Typical primary zones: clitoris, labia, penis, anus, and vagina.
#9 Choose your weapons. When it’s time to blow, and the signs will be more than apparent, it’s time to choose your weapons—whether fingers, tongue, lips, or a sex toy—and apply yourself dedicatedly and consistently until the goal is achieved. This is no time to get bored, tired, or selfish! [Do toys tickle your fancy? Read: 13 must-have couple’s sex toys for naughty first-timers]
#10 The reverse warm down. For the perfect sensual massage experience, and one that has the added bonus of keeping your partner keen enough to return the favor, try the reverse warm down. This means reversing your way gently through the steps, from the orgasm stage, to the secondary and tertiary erogenous zones. This doesn’t have to be done for anywhere near as long as the build up. As long as you continue the sensuality of the experience to the point where withdrawing from your partner doesn’t in any way diminish it, you should be in for a treat, yourself.
Don’t…
#11 Forget to shower. No one likes a stinker! Make sure you’re spotlessly clean and scented.
#12 Do it clothed. Starting out naked will likely just make them self-conscious and tense. [Read: How to look sexy without trying to look sexy]
#13 Go in dry. No oil equals rough handling, desensitization, and a one-way ticket to never giving or getting another sensual massage.
#14 Forget to manicure. The same applies here as to number 13.
#15 Leap in for the kill. Make sure you follow the stages in a steady progression, or you risk killing the mood. [Check out: 9 sexiest foreplay tips you can ever use in bed!]
#16 Get bored. Maintain your rhythm and application. Massage time is selfless time, and needs to be treated as such.
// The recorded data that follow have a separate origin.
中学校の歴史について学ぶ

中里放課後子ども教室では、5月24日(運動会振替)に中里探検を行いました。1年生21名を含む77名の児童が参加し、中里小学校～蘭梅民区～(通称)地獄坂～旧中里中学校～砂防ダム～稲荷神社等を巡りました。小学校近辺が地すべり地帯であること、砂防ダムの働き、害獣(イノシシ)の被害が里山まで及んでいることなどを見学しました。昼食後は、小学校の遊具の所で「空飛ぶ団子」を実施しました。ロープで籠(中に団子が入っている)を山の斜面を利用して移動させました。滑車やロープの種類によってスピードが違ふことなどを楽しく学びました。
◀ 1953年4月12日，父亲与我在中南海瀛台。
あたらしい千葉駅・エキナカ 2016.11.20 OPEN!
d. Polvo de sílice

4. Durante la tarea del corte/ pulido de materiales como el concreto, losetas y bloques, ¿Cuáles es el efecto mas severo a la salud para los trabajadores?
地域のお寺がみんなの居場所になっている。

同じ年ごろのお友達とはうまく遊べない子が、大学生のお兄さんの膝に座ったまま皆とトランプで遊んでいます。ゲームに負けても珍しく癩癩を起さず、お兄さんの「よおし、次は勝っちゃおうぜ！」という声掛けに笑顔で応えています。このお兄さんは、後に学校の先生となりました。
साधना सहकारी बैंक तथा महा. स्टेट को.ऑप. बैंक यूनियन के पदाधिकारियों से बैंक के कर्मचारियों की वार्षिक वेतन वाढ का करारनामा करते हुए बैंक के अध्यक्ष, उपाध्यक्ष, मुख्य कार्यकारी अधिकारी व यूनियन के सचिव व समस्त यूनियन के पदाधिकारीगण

#17 Be a robot. Be responsive! Don’t just follow a game plan without room for spontaneity. If your partner asks for additional stimulation somewhere, give it. If your partner asks you to avoid something, avoid it! These guidelines are simply that: guidelines.
#18 Try to get in on the act. You’ll get your turn eventually. Right now, it’s time to focus on your partner and your partner’s pleasure. [Try: 12 signs you’re being selfish in a relationship]
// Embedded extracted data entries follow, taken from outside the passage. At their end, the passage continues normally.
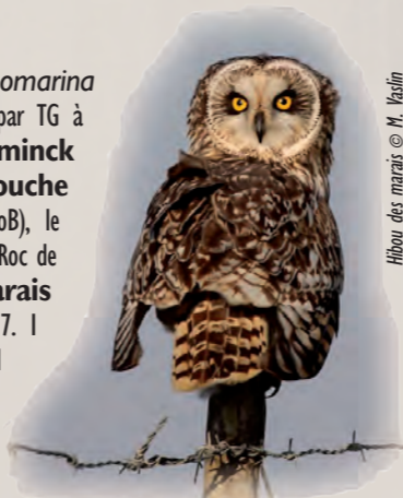
Hibou des marais

Le 1er, 1 Aigle pomarin Aquila pomarina à Narbonne (MoB, RR, BD et al.) revu par TG à Bages ensuite. 1 Bécasseau de Temminck à Tournebelle (MoB), le 11. 1 Gobemouche nain Ficedula parva à Gruissan (MoB), le 13. 1 Pipit à gorge rousse sur le Roc de Conilhac (MoB), le 14. 1 Hibou des marais Asio flammeus à Gruissan (MoB), le 17. 1 Elanion blanc à Belpech (TG), le 23. 1 Tichodrome échelette Tichodroma muraria sur la Clape (MoB), le 26. 8 Niverrolles alpines Montifringilla nivalis et 1 Pipit de Richard Anthus richardi à Roquefort-des-Cobières (TG), le 29.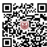
ดาวน์โหลด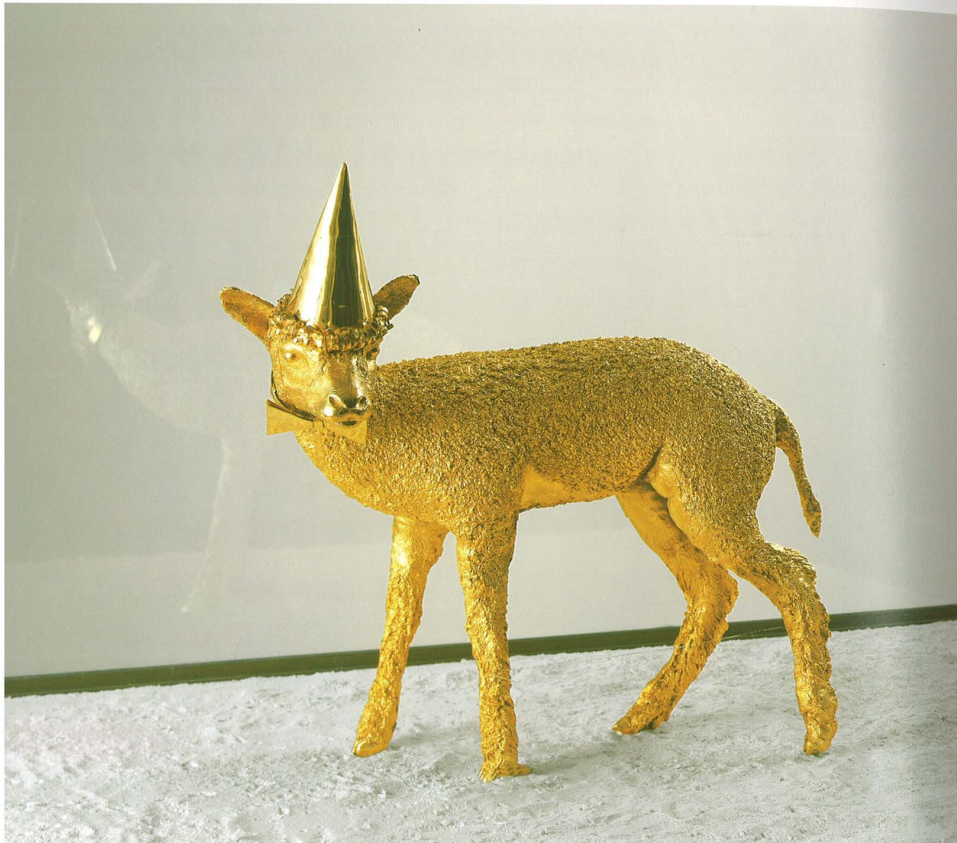
Sanguis sum , 2001

Les œuvres de Jan Fabre illustrant une esthétique christologique Sanguis Sum – L'Ange de la métamorphose, Musée du Louvre, 2008

#19 Throw in the towel. It’s a long journey, but a worthwhile one. You’ll get there in the end.
#20 Don’t make a sharp exit. Running off at the point of “O” is humiliating. Warm things down a bit first.
[Next, read: How to give a good sensual massage and work your magic]
If you’ve never tried massage as a method of getting your partner to orgasm before, now is the time to try. You may be pleasantly surprised!